|
Monday, 20 April 2009 20:49 |
|
We have a high traffic site that is getting a lot of hits per day. Its a very dynamic site which has a lot of overhead on the system.
We have several servers running the site (web servers, storage servers, DB servers) and all is setup ok, but at times the site crashes for no apparent reason.
We've setup a lot of tracking and analysis but still cannot understand why the site mysteriously locks up. Basically it seems that the web servers run out of RAM, then it starts swapping. When it starts swapping, the server crashes which redirects the load to the remaining webservers (hardware loadbalance). This puts more load on the others and then these other ones crash...creating a snowball effect.
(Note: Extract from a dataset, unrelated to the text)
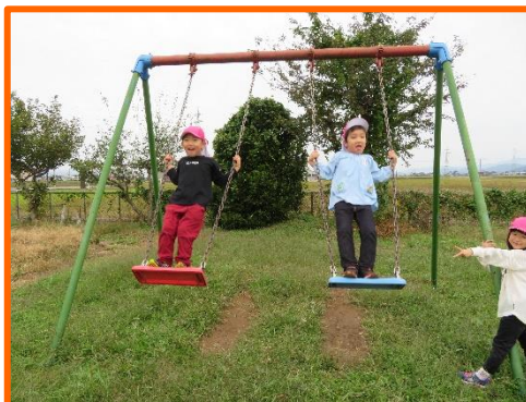
立ちこぎできるよ
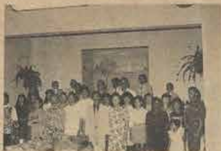
Membros fundadores da Igreja Batista da Graça, organizada pela Igreja B. da Várzea, no dia 16/8/92.

We have many servers with lots of ram...before we go out and stuff them with even more ram, I want someone that is very skilled in system administration to be able to look at our system and understand exactly whats going on, understand why the site is crashing (the true exact reason), and what the solution is. Also need to optimize where possible (near-future plans include installing liteapache for service images...things like this)
We are running on Linux servers (some RHEL5 and others Fedora)
All are AMD64
Apache 2.2.X
MySQL
PHP5
This is mainly a bid for consultation services. We just need to know what is going on and I cannot afford to have the main people in the company waste any more time trying to figure out the problems themselves.
|